→ **Task item**
Which lines below fall between the one containing "- La distribución" and the one containing "Yamaha YFM25BYB (BIG"? Repeat them exactly, counting both of those lines, and add nothing else.

→ **Supplied material**
━━━━

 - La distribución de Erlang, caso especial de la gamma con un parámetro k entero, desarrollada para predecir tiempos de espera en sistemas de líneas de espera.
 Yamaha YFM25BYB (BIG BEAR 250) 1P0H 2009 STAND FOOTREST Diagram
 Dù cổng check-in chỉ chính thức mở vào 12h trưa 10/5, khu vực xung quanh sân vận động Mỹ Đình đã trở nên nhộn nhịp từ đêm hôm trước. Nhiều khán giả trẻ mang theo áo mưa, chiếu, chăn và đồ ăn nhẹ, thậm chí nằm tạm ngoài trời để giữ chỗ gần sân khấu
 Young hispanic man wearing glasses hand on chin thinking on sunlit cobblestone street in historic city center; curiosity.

━━━━

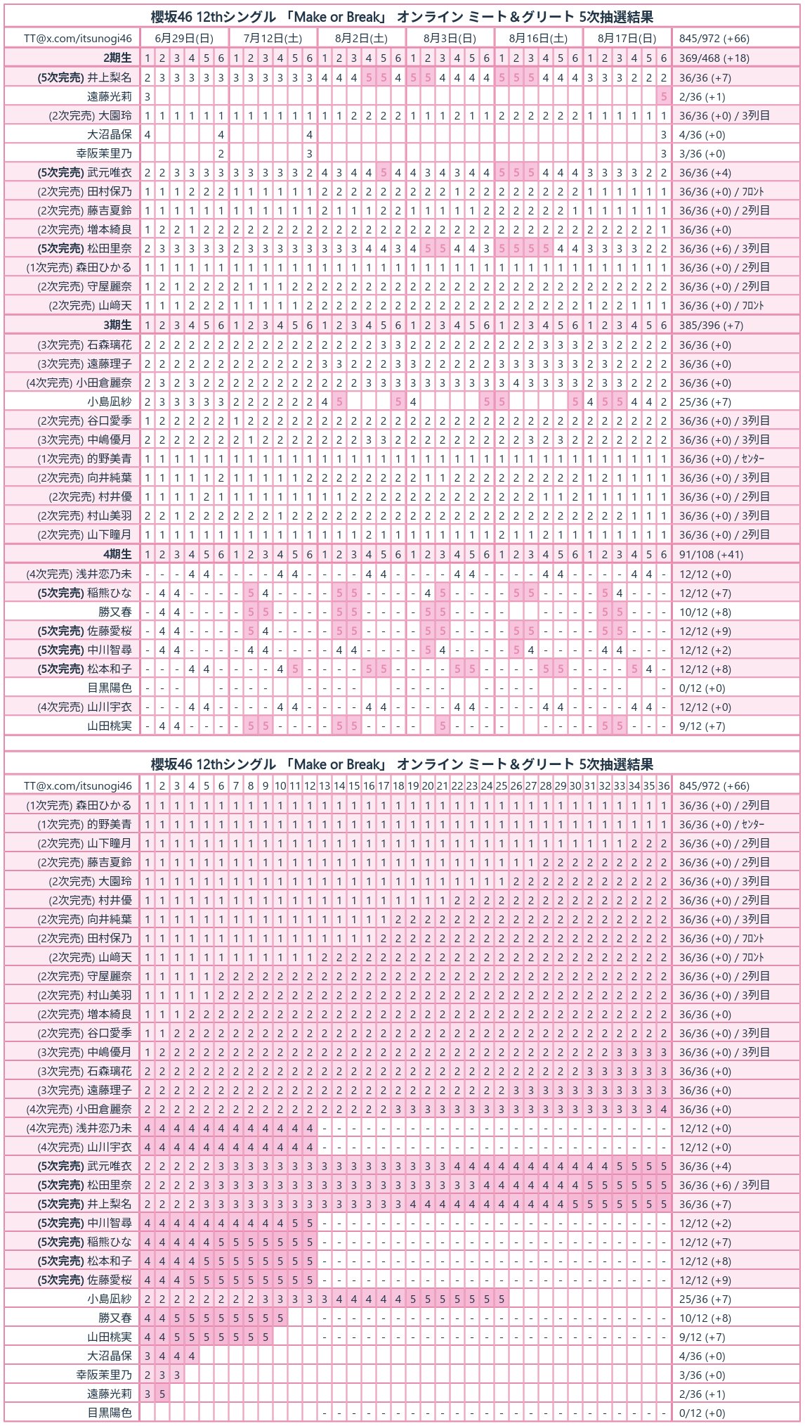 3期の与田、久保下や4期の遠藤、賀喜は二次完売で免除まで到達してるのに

━━━━

→ **Completed task**
 - La distribución de Erlang, caso especial de la gamma con un parámetro k entero, desarrollada para predecir tiempos de espera en sistemas de líneas de espera.
 Yamaha YFM25BYB (BIG BEAR 250) 1P0H 2009 STAND FOOTREST Diagram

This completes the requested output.